[Dataset excerpts]

=======

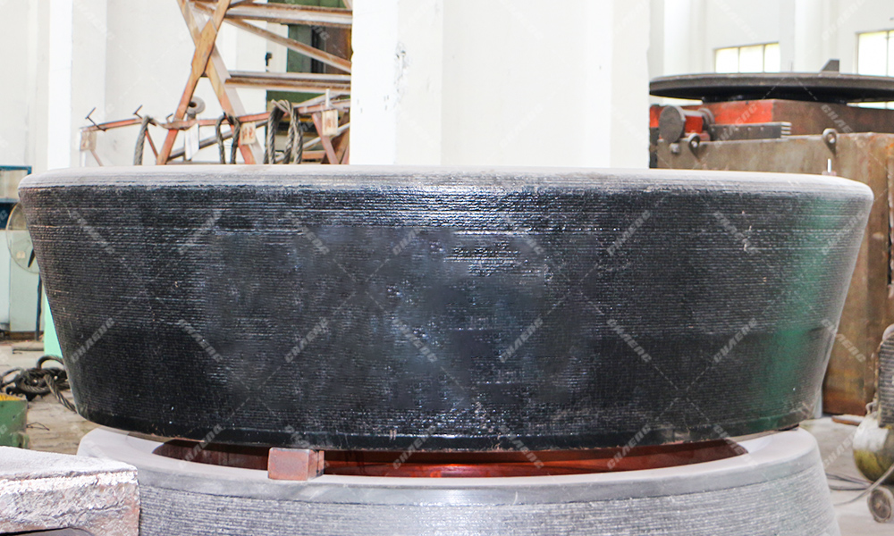 在立磨運(yùn)行的過程中,輥套的外表面長期與物料接觸,受到來自物料的擠壓和沖擊,容易受到磨損,因此應(yīng)定期對輥面進(jìn)行堆焊修復(fù)。
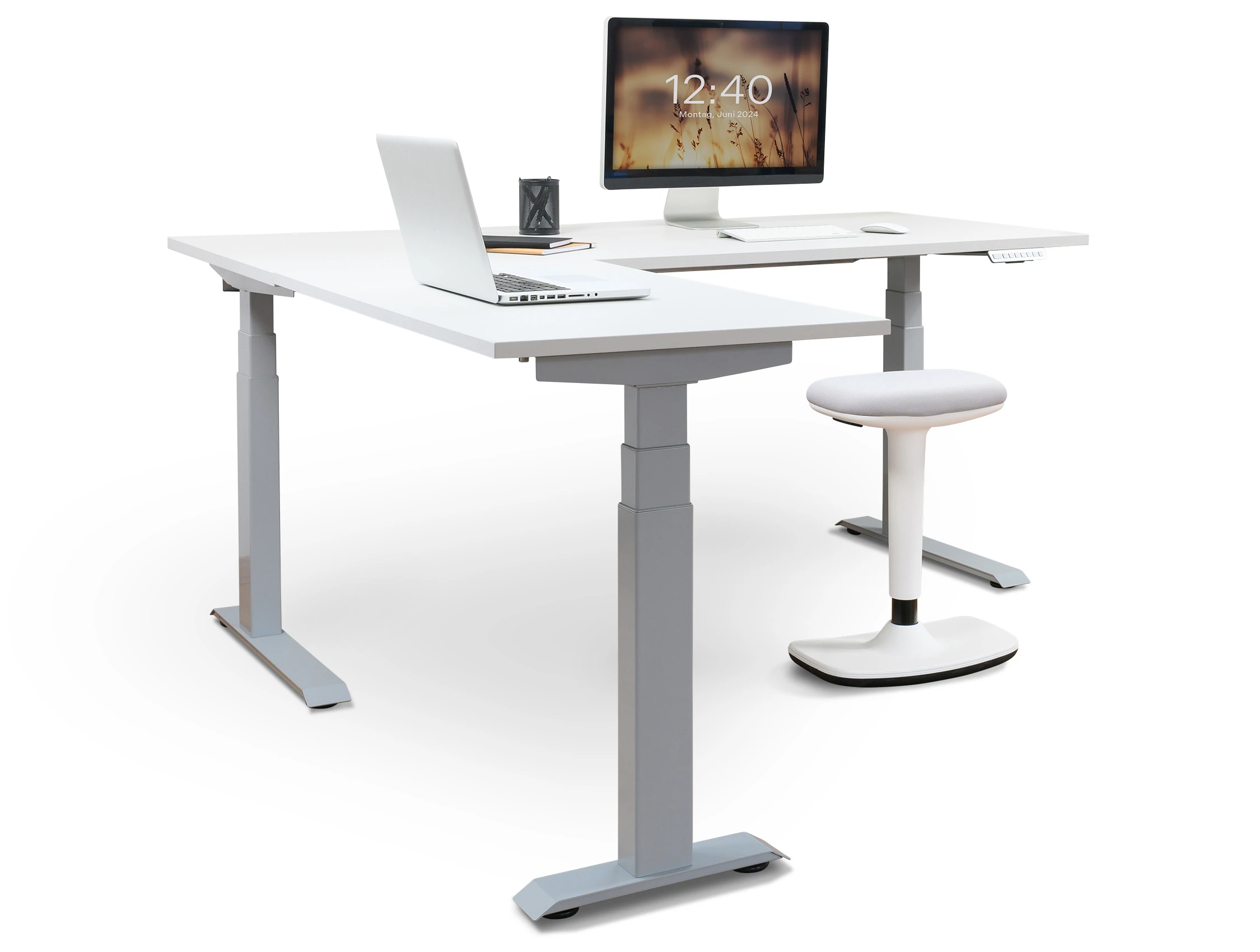 Wenn Sie den richtigen elektrisch höhenverstellbaren Schreibtisch für sich finden möchten, sollten Sie einige wichtige Faktoren berücksichtigen. Der TOPFIT Smart ist ein hervorragendes Einsteigermodell, das preisgünstig und funktional ist. Für den Home-Office-Bereich bietet sich der TOPFIT Smart Home an, der durch sein abgerundetes Gestell besonders elegant wirkt. Der TOPFIT Smart Plus überzeugt durch seine breiteren und stabileren Beine, die für mehr Stabilität und Tragkraft sorgen, und ist zudem leiser beim Hochfahren – perfekt für anspruchsvolle Arbeitsumgebungen, in denen es auf Leistung und Zuverlässigkeit ankommt. Wenn Sie noch mehr Leistung und eine schnelle Montage in nur 6 Minuten benötigen, ist der TOPFIT Basic ideal. Für höchste Ansprüche und ebenfalls eine schnelle Montage empfiehlt sich der TOPFIT Premium, der sich durch seine professionelle Qualität auszeichnet. Achten Sie darauf, dass der Schreibtisch die richtige Höhenverstellung bietet, stabil ist und ausreichend Platz für Ihre Arbeitsutensilien bietet, um eine optimale Ergonomie und Funktionalität zu gewährleisten. Der TOPFIT Eckschreibtisch ist die perfekte Wahl, wenn Sie Ihren Raum effizient und platzsparend nutzen möchten, ohne auf Flexibilität und Funktionalität zu verzichten.
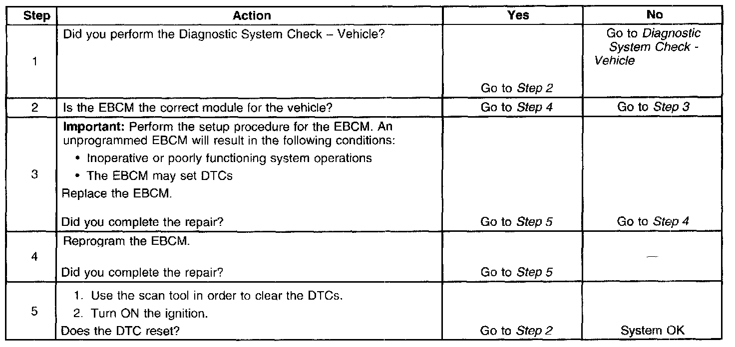 If the DTC was set after EBCM replacement, verify that the replacement EBCM and software are correct for the vehicle.
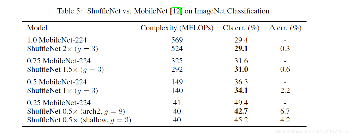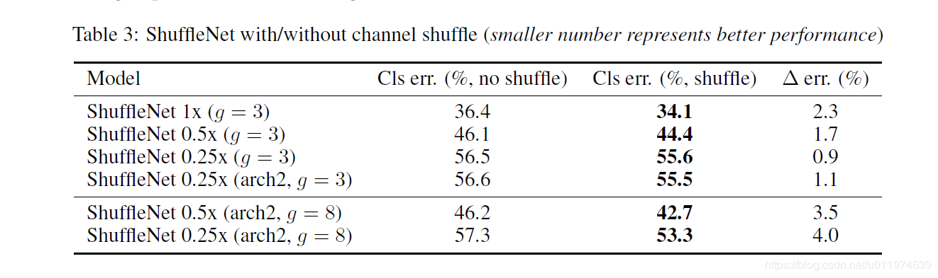 除此之外,作者还对比了不采用channle shuffle和采用之后的网络性能对比,如下表的看到,采用channle shuffle之后,网络性能更好,从而证明channle shuffle的有效性。
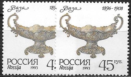 Россия 1993 год. Разновидность - белая и кремовая бумага. Серебро в музеях Московского Кремля
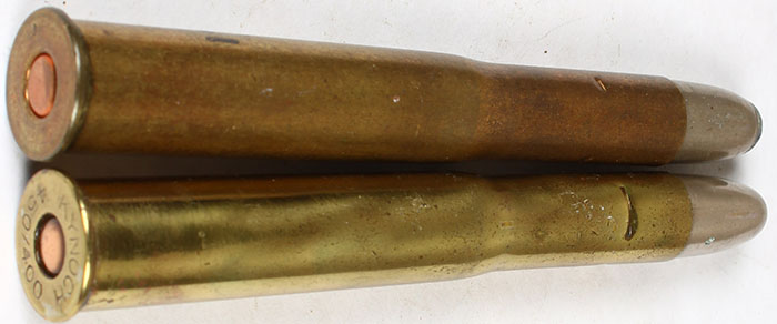 Lot of 2 H/S= ''KYNOCH 450/400 NITRO'' 3 1/4'' C.L. FLT. COP. PRL., S.P. TIN R.N. H/S= ''KYNOCH 450/400'' 3 1/4'' C.L. oval COP. PRL., F.P. C.N. R.N. Grade: Very Good + - Value: 20 to 40
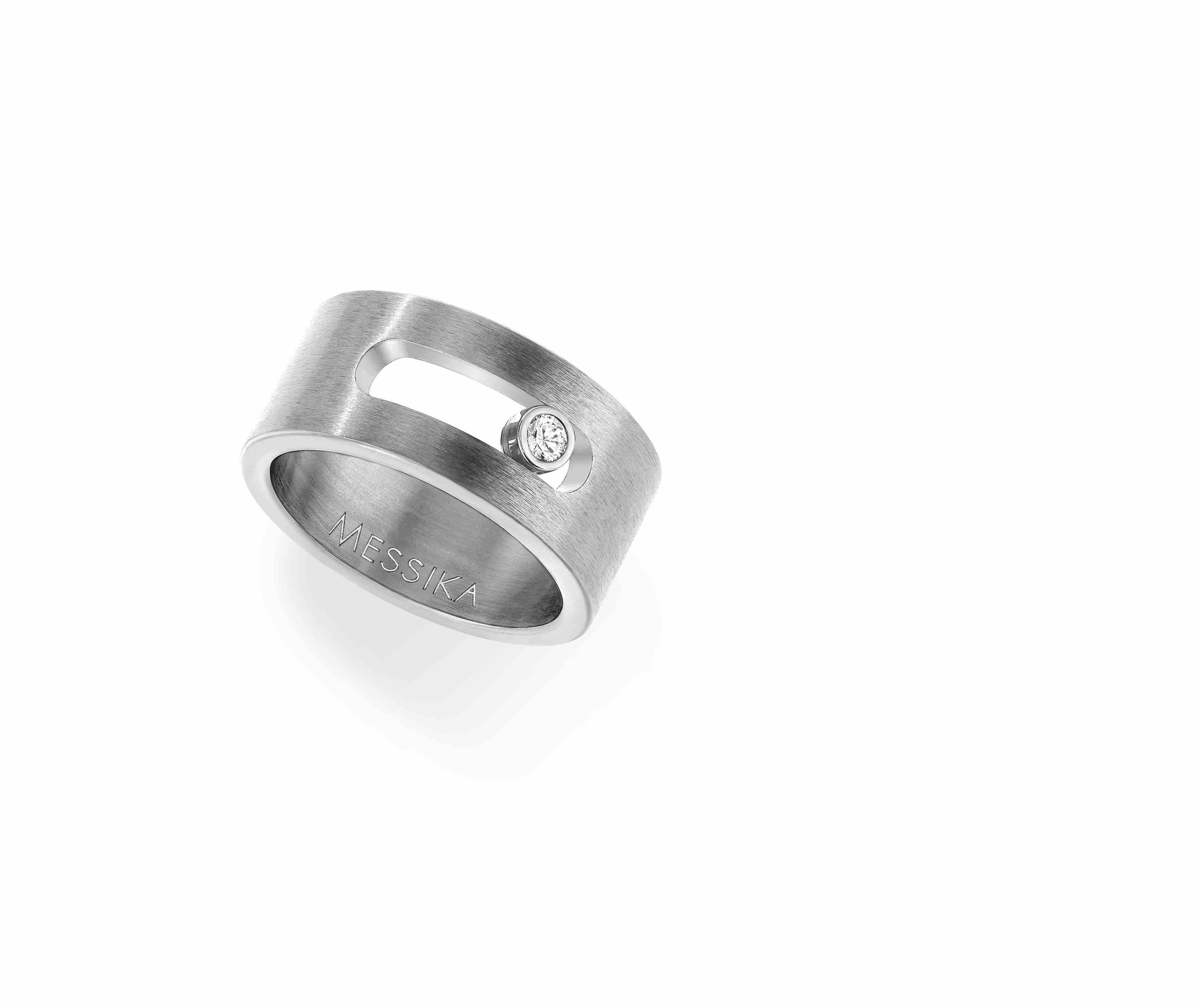 حيث ابتكرت ميسيكا خواتم وأساور وأزرار لأكمام القمصان مصمّمة من التيتانيوم، ولا يتعدّى وزنها بضع غرامات. تتجلّى انسيابيّة الماس في تصاميم تشمل ثلاث ماسات عائمة، يمكن أن يرتديها الرجل كل يوم. وإليكم تفاصيل المجوهرات:
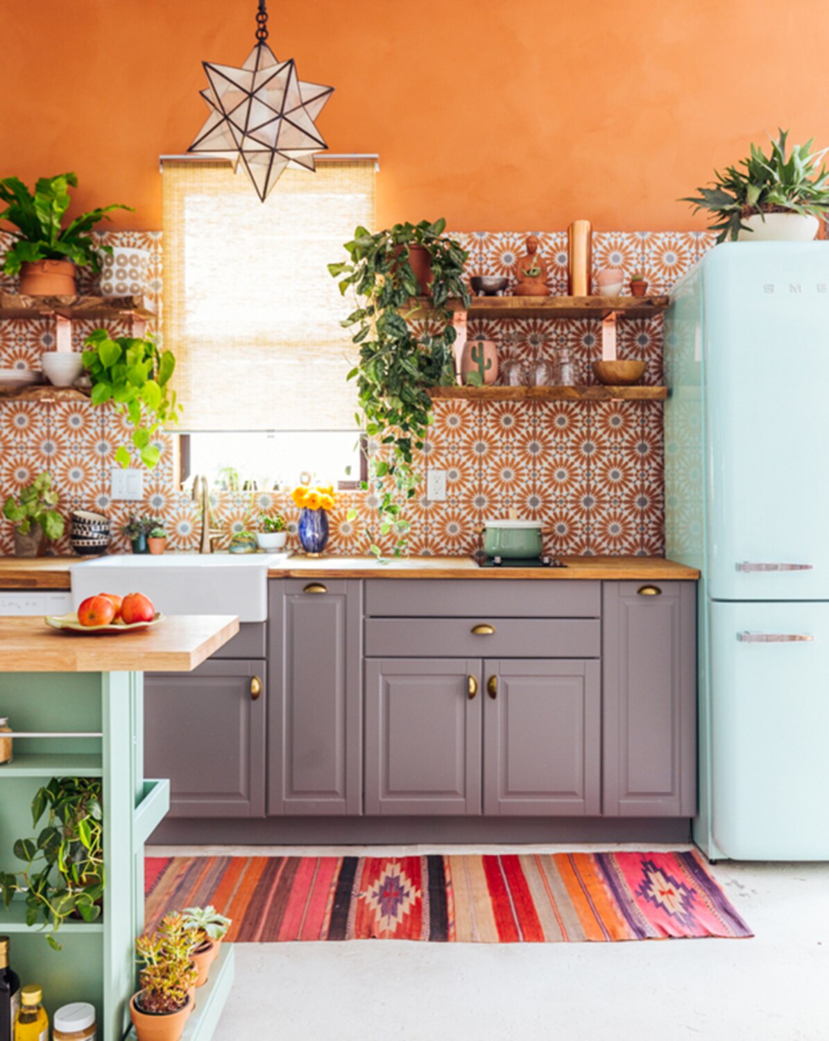 The beautiful balance of colour, pattern and plants throughout Justina Blackeney's studio kitchen makes an impactful statement while also retaining its quirky charm.

=======

When you transcribe these entries, keep every word exact and drop the pictures.

 在立磨運(yùn)行的過程中,輥套的外表面長期與物料接觸,受到來自物料的擠壓和沖擊,容易受到磨損,因此應(yīng)定期對輥面進(jìn)行堆焊修復(fù)。
 Wenn Sie den richtigen elektrisch höhenverstellbaren Schreibtisch für sich finden möchten, sollten Sie einige wichtige Faktoren berücksichtigen. Der TOPFIT Smart ist ein hervorragendes Einsteigermodell, das preisgünstig und funktional ist. Für den Home-Office-Bereich bietet sich der TOPFIT Smart Home an, der durch sein abgerundetes Gestell besonders elegant wirkt. Der TOPFIT Smart Plus überzeugt durch seine breiteren und stabileren Beine, die für mehr Stabilität und Tragkraft sorgen, und ist zudem leiser beim Hochfahren – perfekt für anspruchsvolle Arbeitsumgebungen, in denen es auf Leistung und Zuverlässigkeit ankommt. Wenn Sie noch mehr Leistung und eine schnelle Montage in nur 6 Minuten benötigen, ist der TOPFIT Basic ideal. Für höchste Ansprüche und ebenfalls eine schnelle Montage empfiehlt sich der TOPFIT Premium, der sich durch seine professionelle Qualität auszeichnet. Achten Sie darauf, dass der Schreibtisch die richtige Höhenverstellung bietet, stabil ist und ausreichend Platz für Ihre Arbeitsutensilien bietet, um eine optimale Ergonomie und Funktionalität zu gewährleisten. Der TOPFIT Eckschreibtisch ist die perfekte Wahl, wenn Sie Ihren Raum effizient und platzsparend nutzen möchten, ohne auf Flexibilität und Funktionalität zu verzichten.
 If the DTC was set after EBCM replacement, verify that the replacement EBCM and software are correct for the vehicle.
 除此之外,作者还对比了不采用channle shuffle和采用之后的网络性能对比,如下表的看到,采用channle shuffle之后,网络性能更好,从而证明channle shuffle的有效性。
 Россия 1993 год. Разновидность - белая и кремовая бумага. Серебро в музеях Московского Кремля
 Lot of 2 H/S= ''KYNOCH 450/400 NITRO'' 3 1/4'' C.L. FLT. COP. PRL., S.P. TIN R.N. H/S= ''KYNOCH 450/400'' 3 1/4'' C.L. oval COP. PRL., F.P. C.N. R.N. Grade: Very Good + - Value: 20 to 40
 حيث ابتكرت ميسيكا خواتم وأساور وأزرار لأكمام القمصان مصمّمة من التيتانيوم، ولا يتعدّى وزنها بضع غرامات. تتجلّى انسيابيّة الماس في تصاميم تشمل ثلاث ماسات عائمة، يمكن أن يرتديها الرجل كل يوم. وإليكم تفاصيل المجوهرات:
 The beautiful balance of colour, pattern and plants throughout Justina Blackeney's studio kitchen makes an impactful statement while also retaining its quirky charm.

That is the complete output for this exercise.